The combined capacity of the top five leaders accounted for 47 percent of total worldwide capacity in December 2013. At the same time, just over two-thirds (67 percent) of the world's capacity was represented by the combined capacity of the top ten leaders, while the top fifteen accounted for 76 percent and the top twenty-five, 85 percent, of worldwide installed IC capacity in December 2013.

It should be noted that the shares of these groups have each increased significantly since 2009. The top five group gained 11 percentage points; the top ten group, 13 points; the top fifteen group, 12 points; and the top twenty-five group, seven points. Those are big gains over the course of just four years.

IC manufacturing is increasingly becoming a high stakes poker game with enormous up-front costs.  Today, it costs $4.0 - $5.0 billion for a high-volume state-of-the-art 300mm wafer fab and the cost to build tomorrow's 450mm wafer fab will probably be double that.

Despite the cost-per-unit area advantage that larger wafers provide, there are fewer and fewer companies willing and able to continue investing that kind of money.

IC Insights believes that the capacity shares of the top five, ten, fifteen and twenty-five leaders will continue to increase over the next several years as the big get bigger, middle-tier manufacturers merge to consolidate resources and improve competitiveness, and a greater number of mid- to small-size companies move away from in-house IC fabrication and move toward using third-party foundries.

Rankings of IC manufacturers by installed capacity for each of the wafer sizes are shown in the figure below. 



Looking at the ranking for 300mm wafer capacity, it is not surprising that the list includes only DRAM and Flash memory suppliers like Samsung, Toshiba, Micron, SK Hynix, and Nanya; the industry's biggest IC manufacturer and dominant MPU supplier Intel; and the world's three largest pure-play foundries TSMC, GlobalFoundries, and UMC. 

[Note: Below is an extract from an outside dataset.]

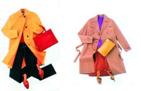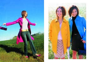 上左:玫瑰红大翻领风衣配玫瑰红尖头鞋,玫瑰红让休闲服饰也有了浪漫的女人味。

These companies offer the types of ICs that benefit most from using the largest wafer size available to best amortize the manufacturing cost per die. The ranking for less than 150mm includes a more diversified group of companies.

A significant trend with regard to the industry's IC manufacturing base, and a worrisome one from the perspective of companies that supply equipment and materials to chip makers, is that as the industry moves IC fabrication onto larger wafers in bigger fabs, the group of IC manufacturers continues to shrink in number. 

There are just 36 percent the number of companies that own and operate 300mm wafer fabs than 200mm fabs and the distribution of worldwide 300mm wafer capacity among those manufacturers is very top-heavy. 

Essentially, there are only about fifteen companies that comprise the entire future total available market (TAM) for leading-edge IC fabrication equipment and materials. 

When 450mm wafer fabrication technology comes into production, this manufacturer group is predicted to shrink even further to a maximum of just ten companies.